**Description of the task**:
Using the data below, print exactly the line with "Комплект необходимой посуды", the line with "10-Way Power Driver", and every line between them, but none of the pictures.
━━ Available data ━━
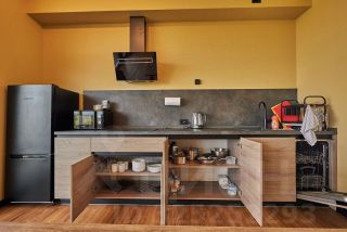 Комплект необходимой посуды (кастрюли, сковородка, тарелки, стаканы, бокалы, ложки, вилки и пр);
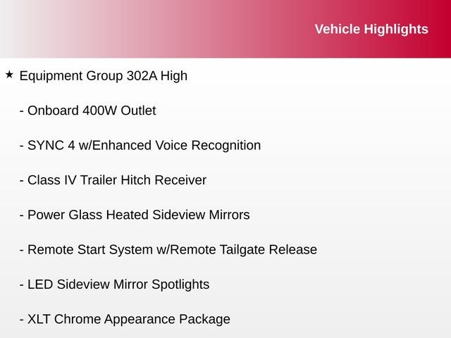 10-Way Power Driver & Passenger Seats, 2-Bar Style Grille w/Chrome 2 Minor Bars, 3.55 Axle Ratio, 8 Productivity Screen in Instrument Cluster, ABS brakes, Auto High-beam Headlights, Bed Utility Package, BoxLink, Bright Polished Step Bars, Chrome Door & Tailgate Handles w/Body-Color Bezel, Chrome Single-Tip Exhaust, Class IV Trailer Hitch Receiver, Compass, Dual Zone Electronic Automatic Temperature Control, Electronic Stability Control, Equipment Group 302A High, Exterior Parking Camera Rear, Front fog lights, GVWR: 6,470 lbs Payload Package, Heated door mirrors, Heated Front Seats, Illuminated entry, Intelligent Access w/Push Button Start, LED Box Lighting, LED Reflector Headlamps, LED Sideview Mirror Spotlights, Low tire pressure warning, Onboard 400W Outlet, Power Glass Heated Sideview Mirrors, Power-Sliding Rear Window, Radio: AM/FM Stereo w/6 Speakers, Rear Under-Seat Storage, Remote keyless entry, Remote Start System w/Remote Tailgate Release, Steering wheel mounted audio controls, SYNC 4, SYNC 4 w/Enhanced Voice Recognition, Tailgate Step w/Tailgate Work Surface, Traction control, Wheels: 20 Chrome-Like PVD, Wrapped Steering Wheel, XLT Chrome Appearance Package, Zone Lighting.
━━━
━━ Available data ━━
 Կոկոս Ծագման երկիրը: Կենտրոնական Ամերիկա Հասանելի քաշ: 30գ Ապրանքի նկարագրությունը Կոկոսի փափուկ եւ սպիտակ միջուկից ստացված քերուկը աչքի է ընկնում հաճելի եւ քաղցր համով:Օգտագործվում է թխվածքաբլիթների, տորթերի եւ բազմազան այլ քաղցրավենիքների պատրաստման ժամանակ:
━━━
**Response below**:
 Комплект необходимой посуды (кастрюли, сковородка, тарелки, стаканы, бокалы, ложки, вилки и пр);
 10-Way Power Driver & Passenger Seats, 2-Bar Style Grille w/Chrome 2 Minor Bars, 3.55 Axle Ratio, 8 Productivity Screen in Instrument Cluster, ABS brakes, Auto High-beam Headlights, Bed Utility Package, BoxLink, Bright Polished Step Bars, Chrome Door & Tailgate Handles w/Body-Color Bezel, Chrome Single-Tip Exhaust, Class IV Trailer Hitch Receiver, Compass, Dual Zone Electronic Automatic Temperature Control, Electronic Stability Control, Equipment Group 302A High, Exterior Parking Camera Rear, Front fog lights, GVWR: 6,470 lbs Payload Package, Heated door mirrors, Heated Front Seats, Illuminated entry, Intelligent Access w/Push Button Start, LED Box Lighting, LED Reflector Headlamps, LED Sideview Mirror Spotlights, Low tire pressure warning, Onboard 400W Outlet, Power Glass Heated Sideview Mirrors, Power-Sliding Rear Window, Radio: AM/FM Stereo w/6 Speakers, Rear Under-Seat Storage, Remote keyless entry, Remote Start System w/Remote Tailgate Release, Steering wheel mounted audio controls, SYNC 4, SYNC 4 w/Enhanced Voice Recognition, Tailgate Step w/Tailgate Work Surface, Traction control, Wheels: 20 Chrome-Like PVD, Wrapped Steering Wheel, XLT Chrome Appearance Package, Zone Lighting.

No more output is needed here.